▶ _RECORDS TO PROCESS_:
┌──

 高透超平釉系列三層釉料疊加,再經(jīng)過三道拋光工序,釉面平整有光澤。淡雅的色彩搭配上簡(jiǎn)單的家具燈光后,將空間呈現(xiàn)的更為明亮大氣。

└──
┌──

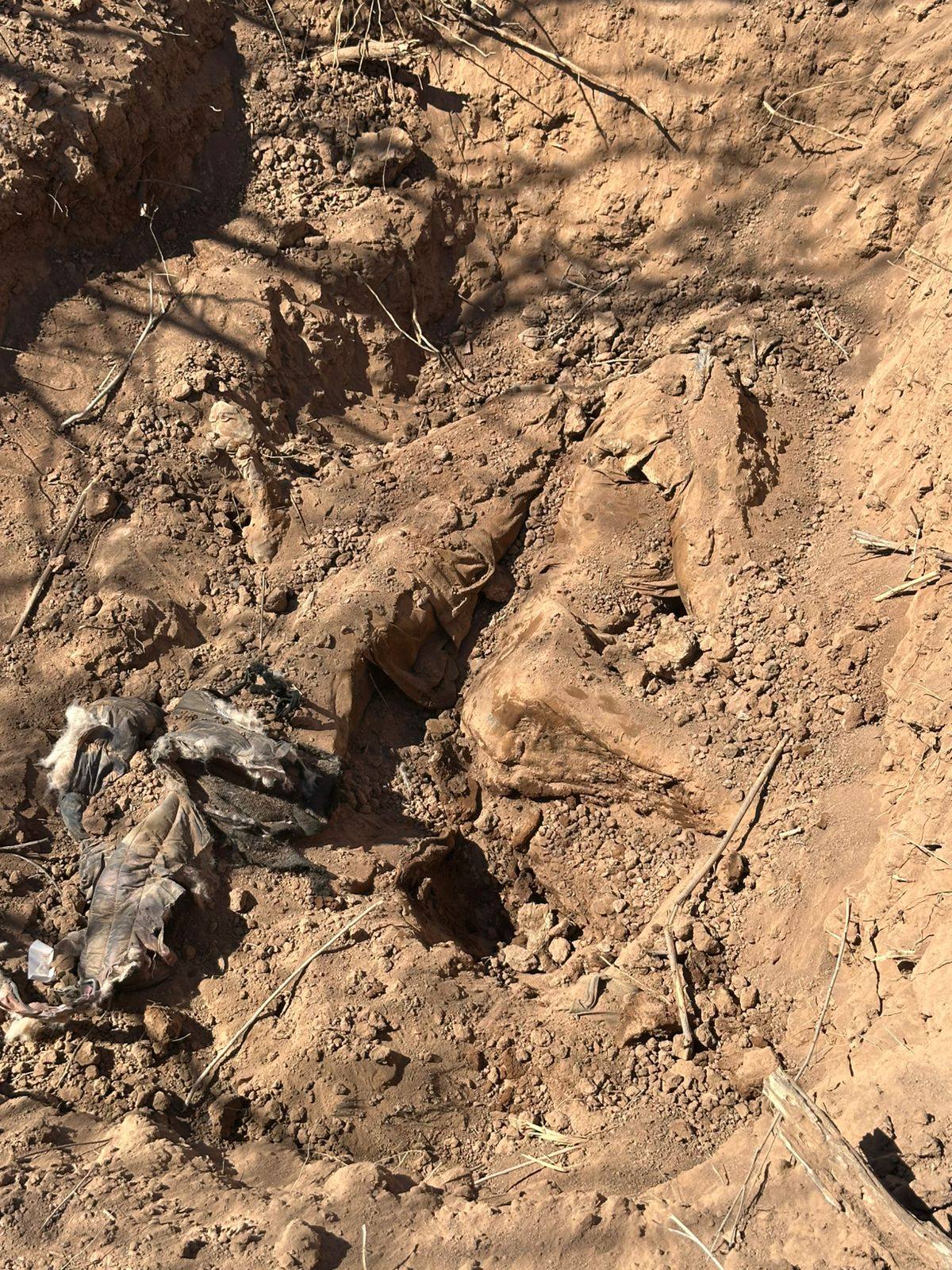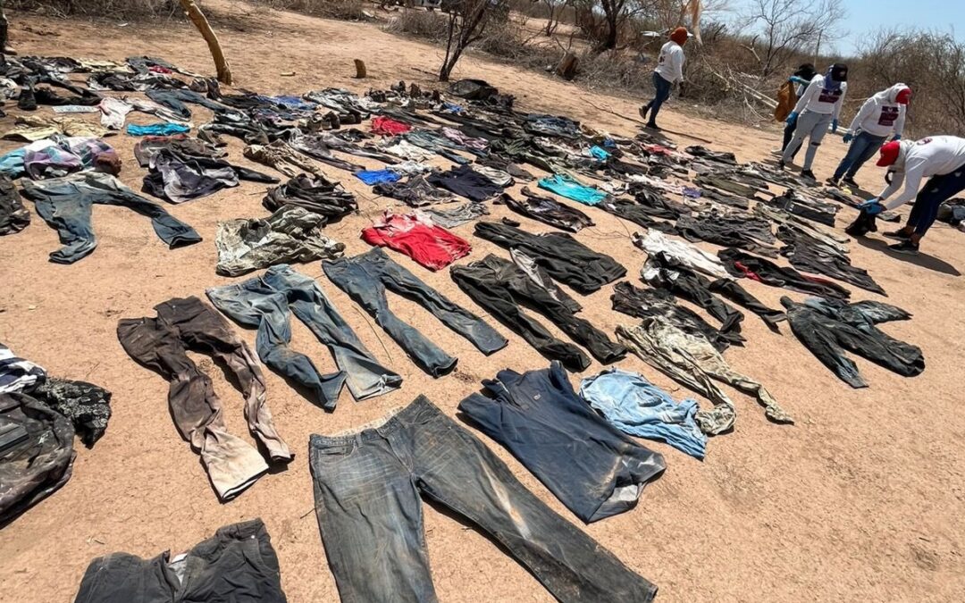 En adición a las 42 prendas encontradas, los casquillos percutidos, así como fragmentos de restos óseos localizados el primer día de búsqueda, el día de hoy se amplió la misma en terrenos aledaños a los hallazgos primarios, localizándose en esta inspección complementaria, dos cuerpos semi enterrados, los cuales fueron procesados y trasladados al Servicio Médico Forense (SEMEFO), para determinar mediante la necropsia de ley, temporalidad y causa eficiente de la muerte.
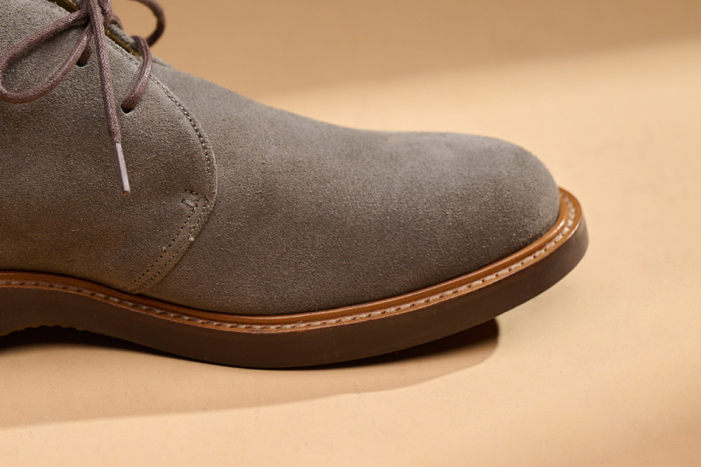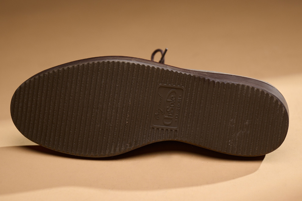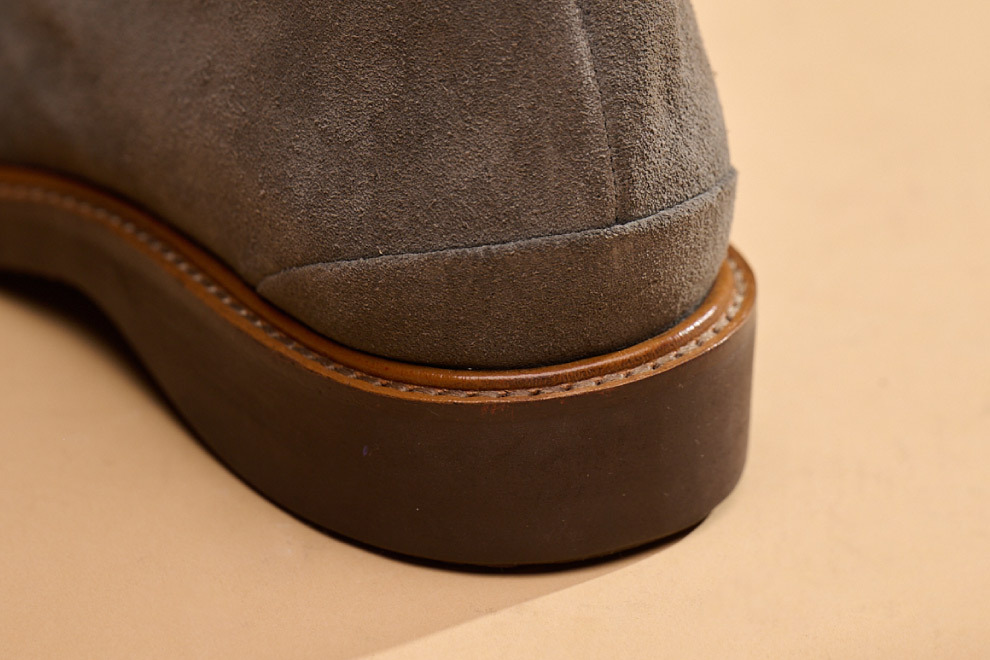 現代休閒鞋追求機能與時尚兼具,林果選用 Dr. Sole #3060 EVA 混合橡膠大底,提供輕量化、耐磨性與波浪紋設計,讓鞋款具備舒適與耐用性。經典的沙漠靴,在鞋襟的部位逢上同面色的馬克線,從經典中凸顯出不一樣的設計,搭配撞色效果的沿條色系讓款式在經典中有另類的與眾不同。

└──
┌──

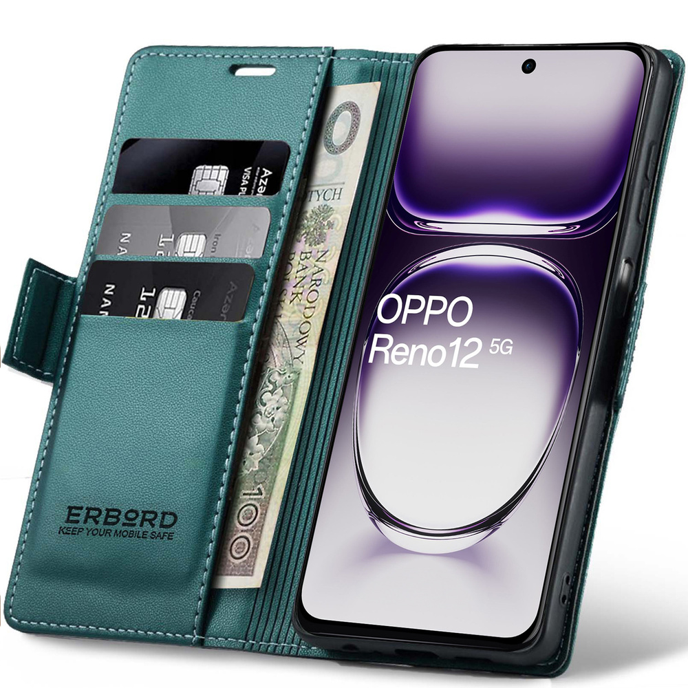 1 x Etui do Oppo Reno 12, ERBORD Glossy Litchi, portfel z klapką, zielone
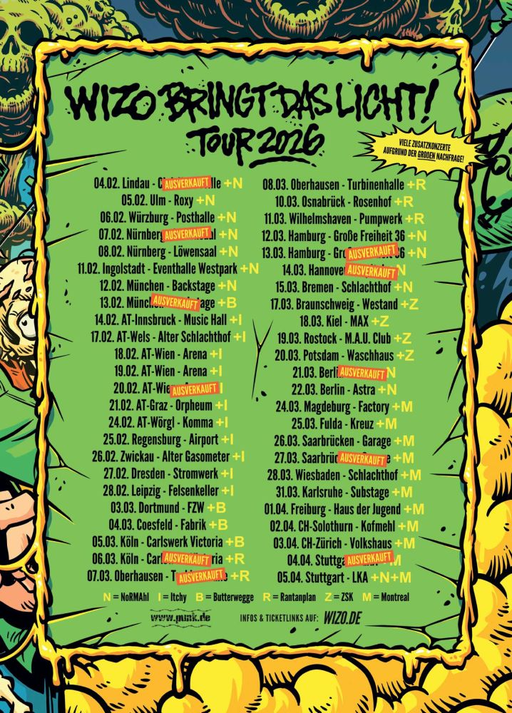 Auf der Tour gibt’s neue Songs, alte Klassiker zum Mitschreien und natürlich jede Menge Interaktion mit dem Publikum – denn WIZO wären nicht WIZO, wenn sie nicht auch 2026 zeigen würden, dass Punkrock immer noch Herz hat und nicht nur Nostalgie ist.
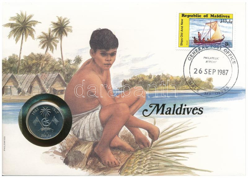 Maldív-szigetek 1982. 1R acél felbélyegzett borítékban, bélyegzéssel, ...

└──

Above, find the line holding "Auf der Tour" and the line holding "Maldív-szigetek 1982. 1R". Print exactly those two lines and every line between them, but no pictures.

▶ _WRITTEN ANSWER_:
 Auf der Tour gibt’s neue Songs, alte Klassiker zum Mitschreien und natürlich jede Menge Interaktion mit dem Publikum – denn WIZO wären nicht WIZO, wenn sie nicht auch 2026 zeigen würden, dass Punkrock immer noch Herz hat und nicht nur Nostalgie ist.
 Maldív-szigetek 1982. 1R acél felbélyegzett borítékban, bélyegzéssel, ...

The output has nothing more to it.